On 17 December 2024, the trial of the management and journalists of Abzas Media, as well as Hafiz Babali and Radio Free Europe/Radio Liberty contributor Farid Mehralizade, began. During the trial, Gasimova denied all charges and linked her arrest to her journalistic work. Motions for house arrest were rejected.

=== Sentencing and time in prison ===
On 20 May 2025, Prosecutor Rauf Malishov requested a sentence of 11 years of imprisonment. On 20 June 2025, the Baku Court on Grave Crimes sentenced Gasimova to eight years in prison. In July 2025, Gasimova undertook a hunger strike in solidarity with fellow prisoner Ulvi Hasanli. At the time, she also reported poor living conditions, including unclean cells, lack of ventilation, lighting, and shower facilities, and lack of access to a telephone to speak to family.

In August 2025, the Baku Court of Appeal began reviewing appeals. By a decision dated 9 September 2025, the eight-year sentence was upheld.

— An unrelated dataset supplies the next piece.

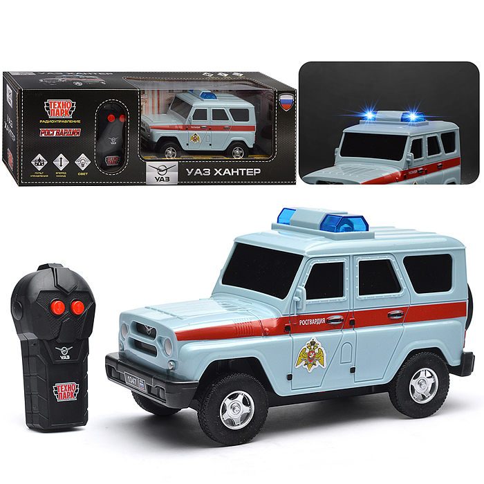 Машина р/у УАЗ Хантер Росгвардия 15 см, свет, серый, в коробке

== International attention ==
Following Gasimova’s arrest, the head of the European Union Delegation to Azerbaijan, Ambassador Peter Michalko, and the OSCE Representative on Freedom of the Media, Teresa Ribeiro, strongly condemned the arrests of journalists in the country.

The International Federation of Journalists (IFJ) and the European Federation of Journalists (EFJ) issued a joint statement describing a disturbing wave of arrests and repression against independent journalists and media in Azerbaijan. U.S. Senator and Chairman of the Senate Foreign Relations Committee Ben Cardin called on Baku to release political prisoners.